Los partidos políticos tradicionalmente se consideran como fuerzas políticas organizadas que agrupan ciudadanos de una misma tendencia política, para buscar movilizar la opinión alrededor de unos objetivos y participar del poder o influenciar su ejercicio para realizarlos.

Es decir, todo partido debería tener elementos de orden ideológico: todo partido político, si no es portador de una ideología, expresa al menos una cierta orientación, una cierta visión del hombre, es fruto de una cultura política; de tipo organizativo: un partido es una organización, es un grupo con cierta durabilidad, es una institución. El partido se distingue así de una clientela (grupo que se forma en torno a un individuo); tiene una finalidad: la conquista y el ejercicio del poder político; es expresión de cierto número de reivindicaciones destinadas a influir sobre el gobierno busca influencia política que a su vez le asegure el apoyo popular. Igualmente los partidos políticos cumplen un rol fundamental de legitimación -se deben legitimar a sí mismos y al régimen político en su conjunto-.

Pero, los partidos políticos colombianos históricamente formularon sus proyectos pensando más en el Estado que en la sociedad, por eso, cada vez menos representaban intereses sociales; han sido fundamentalmente legitimadores del régimen político.

Ahora bien, la intención de la reforma política del 2003, ante el proceso de crisis y dispersión de las fuerzas políticas, buscó crear mecanismos legales que contribuyeran a un proceso de organización partidista. Pero lo que hemos visto en la actual campaña electoral son agrupaciones transitorias de personalidades políticas, que difícilmente se parecen a una idea de partido. El proceso de conformación de las listas al Congreso ha sido una muestra de lo anterior. Por ello no hay plataformas políticas propuestas a los electores, sólo unos genéricos –apoyo o no a la reelección del actual Presidente- y una feria de ofertas de cada uno de los candidatos de las disímiles listas. Por eso tampoco hay listas cerradas que reflejen la coherencia y organización partidista, sino listas con voto preferente. Ojalá en un futuro próximo este espectáculo de rapiña de candidatos por los distintos partidos se transforme en un proceso serio de organización y cohesión partidista.

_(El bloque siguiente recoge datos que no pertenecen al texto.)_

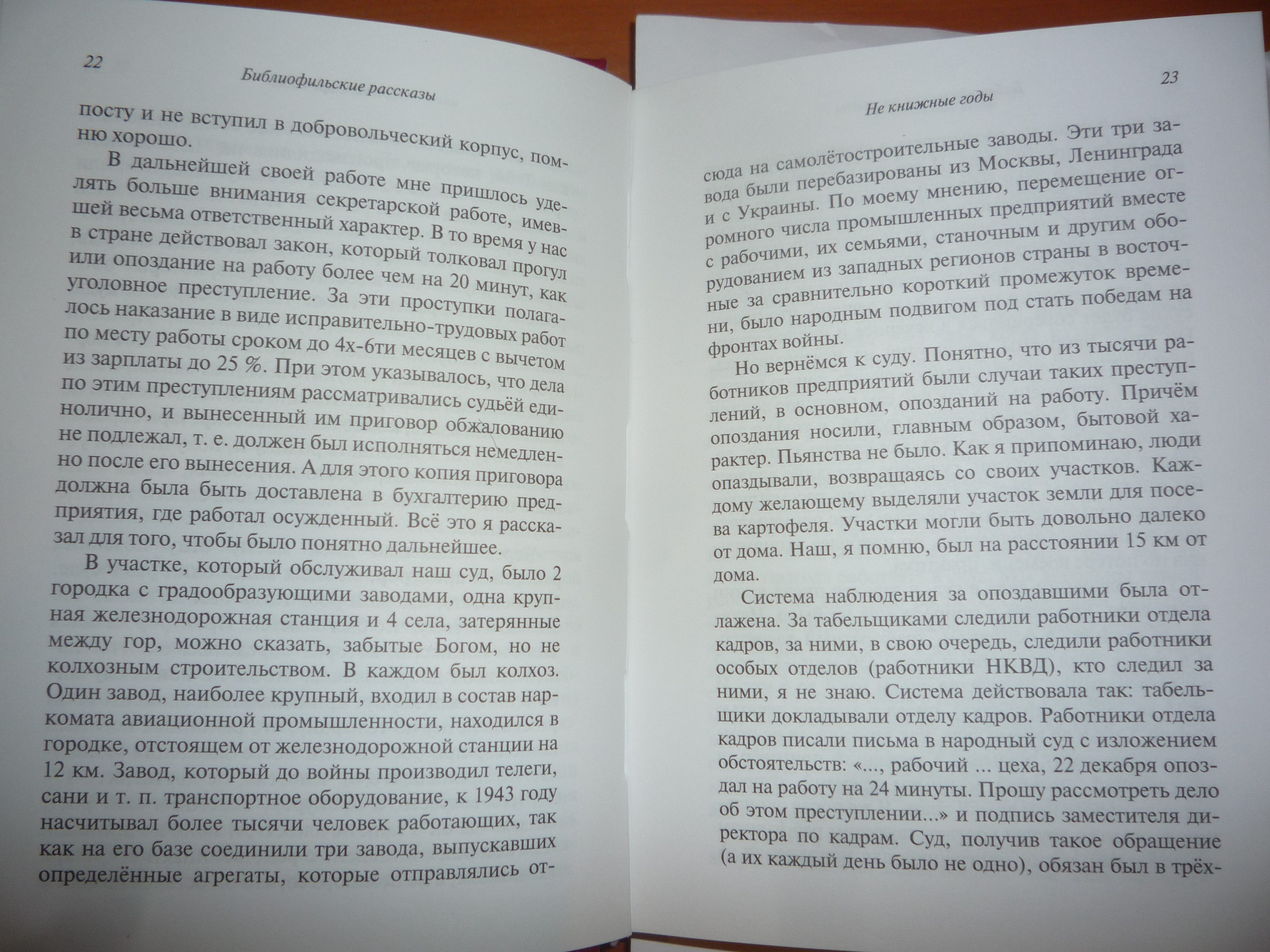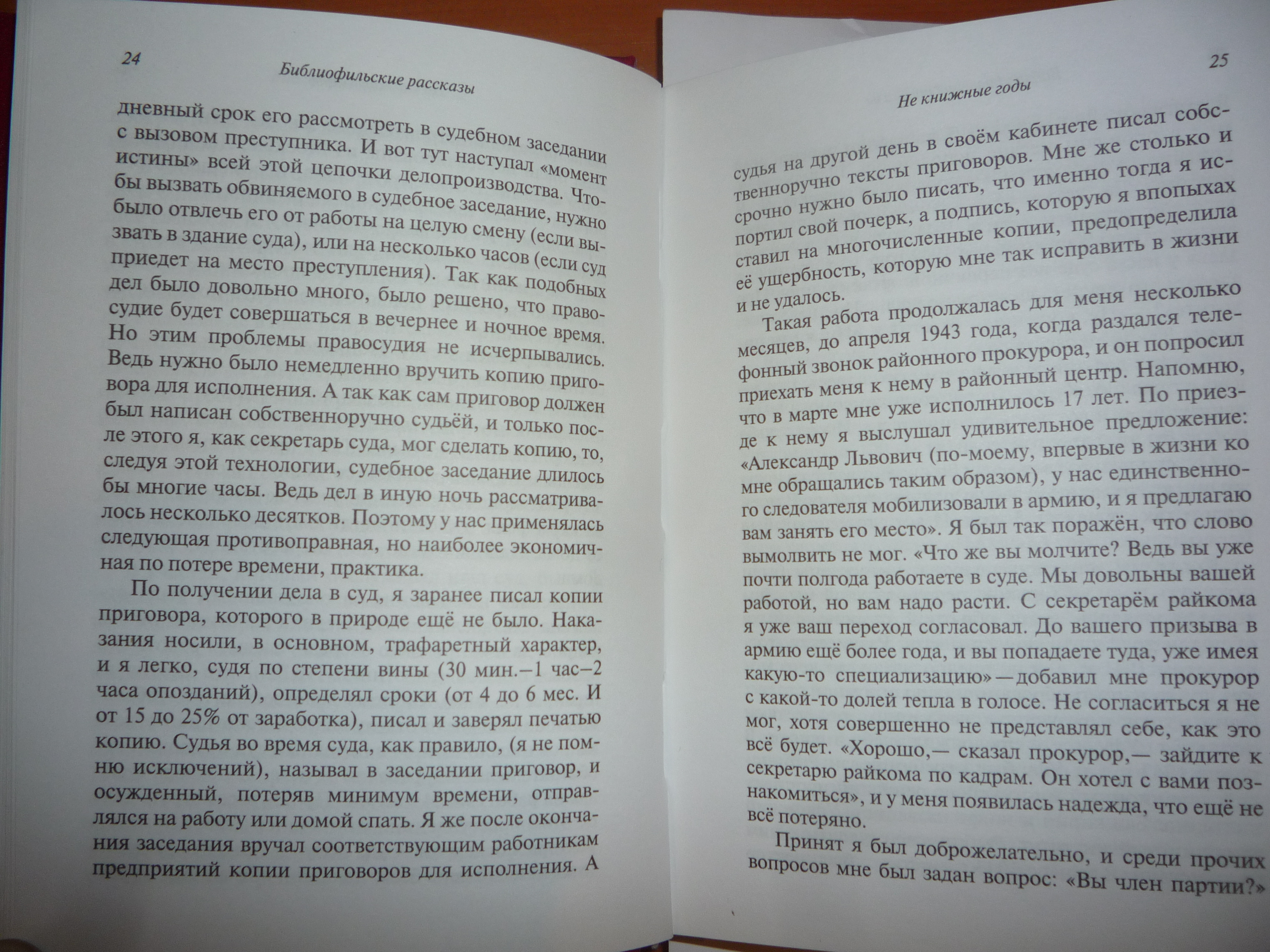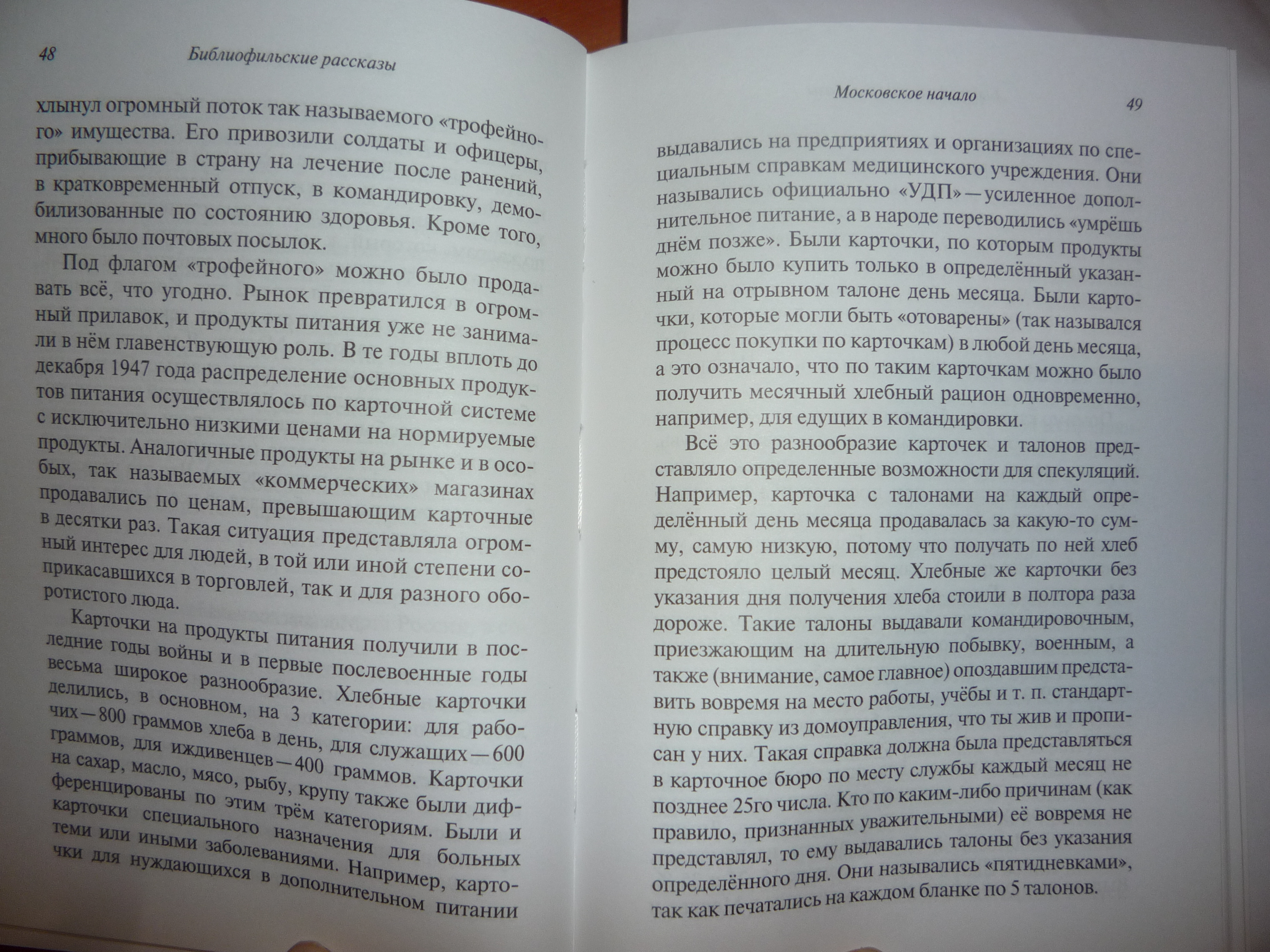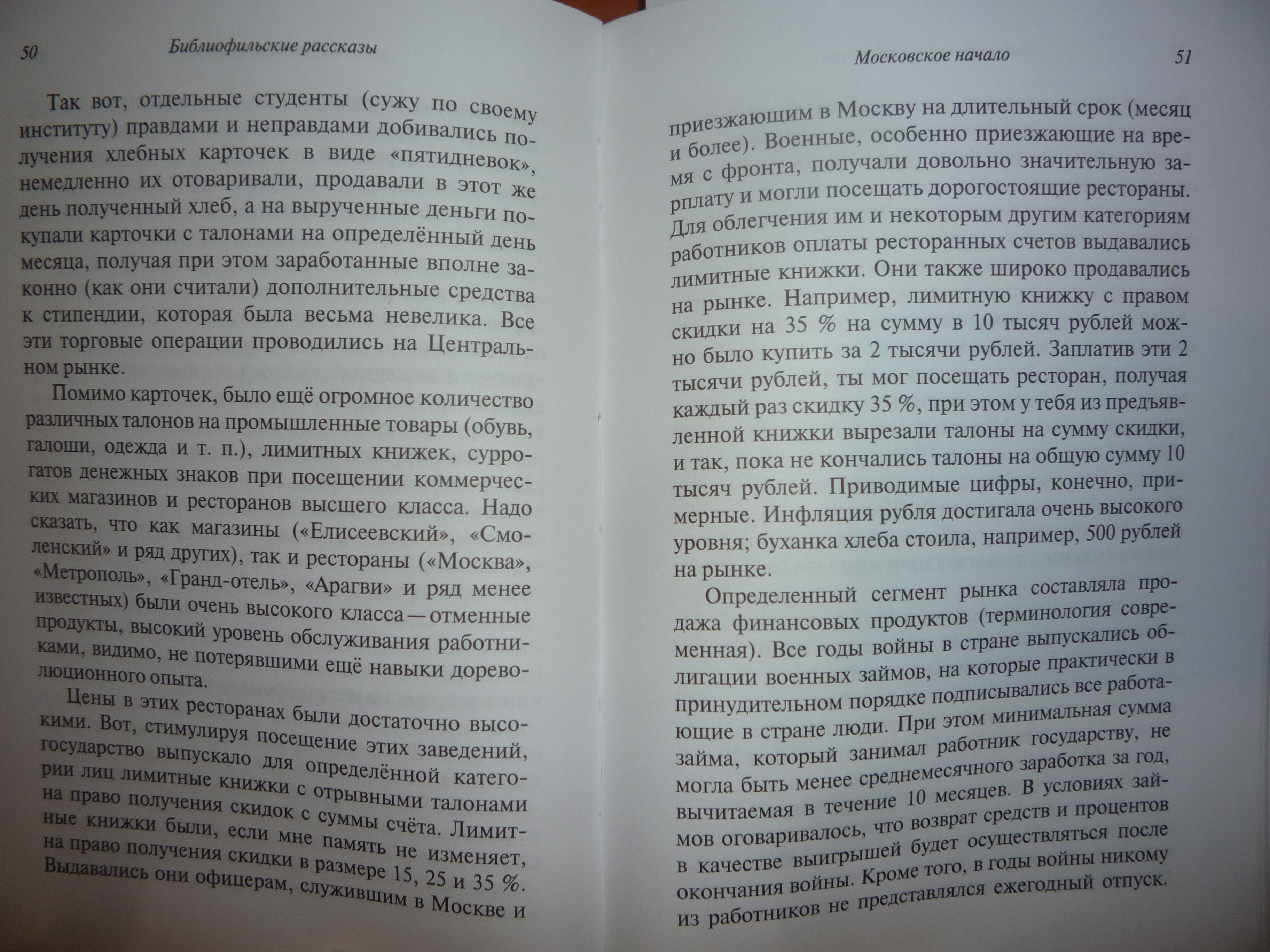 Интересными оказались бытовые, житейские моменты, с книжным собирательством почти несвязанные: вторая глава в книге — о жизни подростка в эвакуации, во время великой отечественной войны — Харьков, Тула, Саратов, поселок Миньяр Челябинской области, Уфа — и поступление в институт в Москве, в 1944 году. Потом эпизод про работу в суде и рассказ о бездумной штамповке дел. Еще о чёрном рынке в Москве. Фотографии этих страниц поместил под кат.

Los partidos políticos, o mejor las listas al Congreso, se moverán dentro de la coexistencia de diversas formas de hacer política: la ideológica, movilizadora de una pequeña capa del electorado -el electorado de mayor edad de los partidos tradicionales y el de partidos ideológicos o los cristianos-; la clientelista, predominante en el ámbito local y regional, por la capacidad de los políticos tradicionales de intermediar recursos y nominar a la administración pública; las presiones armadas, con gran peso en bastantes espacios del territorio nacional; las fidelidades de tipo primario presentes en algunos ámbitos rurales y locales; y la pragmática-opinión pública cada vez con mayor peso en los escenarios urbanos más influenciados por los medios masivos de comunicación.

Lo anterior muestra que las próximas elecciones parlamentarias se moverán en la tensión de mantener los discursos y las prácticas electorales ligados al clientelismo, que han sido eficaces para su reproducción, coexistir con actores armados y al mismo tiempo buscar renovarse con nuevas caras (no importa que éstas sean prolongaciones dinásticas de viejas familias), expresión del nuevo perfil del político que se busca promocionar, tecnócratas jóvenes supuestamente eficaces.

No es claro, por lo anterior, cómo van a operar en el Congreso las bancadas como expresión de fuerzas políticas organizadas y cómo van a concertar medidas de política pública, con partidos –o remedos de partidos- que carecen de legitimidad interna en sus estructuras de dirección, dispersión y fragmentación organizativa, anarquía programática, desfase entre sus discursos y las demandas de la sociedad civil o incapacidad de transformar demandas y problemas sociales en políticas públicas, y con el clientelismo como práctica política fundamental.